The co-chair of the Republican National Committee, Sharon Day, described Kennedy's win as capping "a year of historic Republican wins up and down the ballot.

"With 52 seats in the U.S. Senate, we are excited for Republicans to confirm a conservative Supreme Court justice and begin working with President-elect Trump to pass an agenda of change for the American people," Day said in a statement.

Louisiana Gov.
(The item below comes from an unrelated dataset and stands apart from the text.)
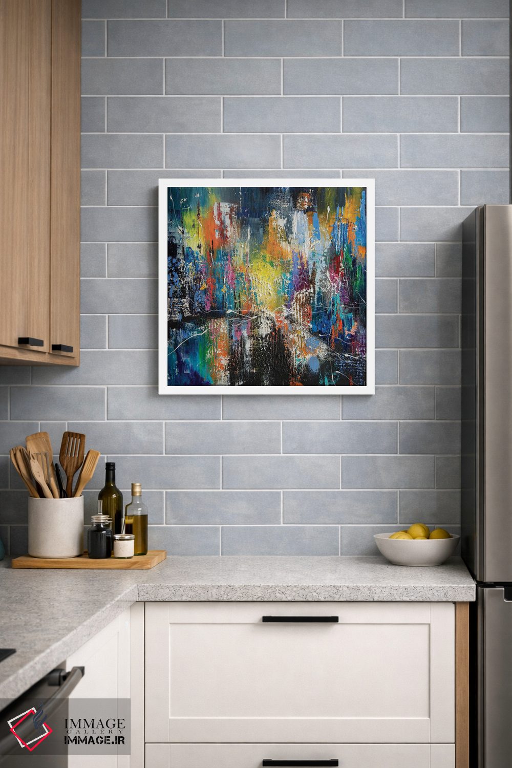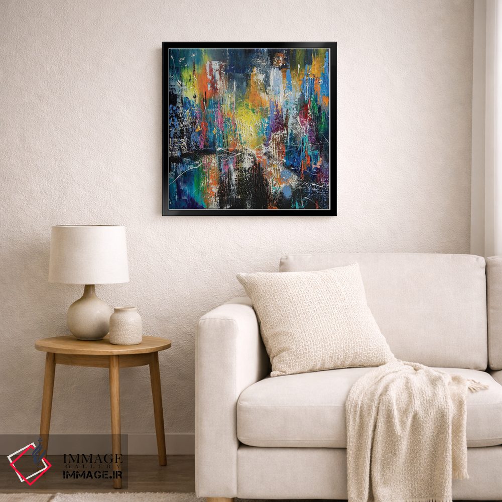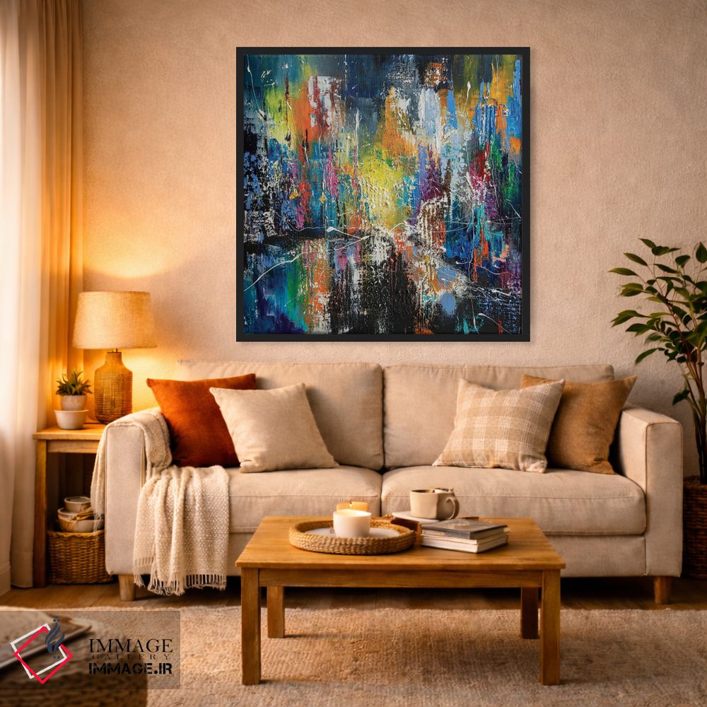 براساس پالت ترکیبی اثر، قاب تیک گرم (چوبی) پیشنهاد اول است و مشکی مات (فریم متوسط) مکمل. برای سفارشهای پروژهای با ابعاد و قابهای اختصاصی با ایماژ در تماس باشید.

John Bel Edwards, a Democrat and ardent Campbell supporter, congratulated Kennedy and pledged to work with him to "deliver great things for the people of Louisiana."

Kennedy is a Trump man through and through and will be a reliable vote to enact the new president's agenda. That the Democrats refused to give Campbell even a minimum of support shows just how far the Dems have fallen in the old south. Ordinarily, Campbell's moderate Democratic positions on issues would have made the race more competitive. But the image of the Democratic party in Louisiana and elsewhere in the south is that of Hillary Clinton and Harry Reid - two of the most toxic politicians in America.

Might the GOP build it's 52-48 advantage by luring Joe Manchin to switch parties? Manchin was under consideration (and still may be) for a Trump cabinet post. The West Virginia Senator is at war with his own party over their job killing policies on coal and is also more conservative on some social issues. Manchin's switch wouldn't come cheap; he might want the chairmanship of a major committee. Majority Leader McConnell would have to weigh how badly the GOP wants that 53rd vote before agreeing to pass over ranking Republicans to give a former Democrat a job.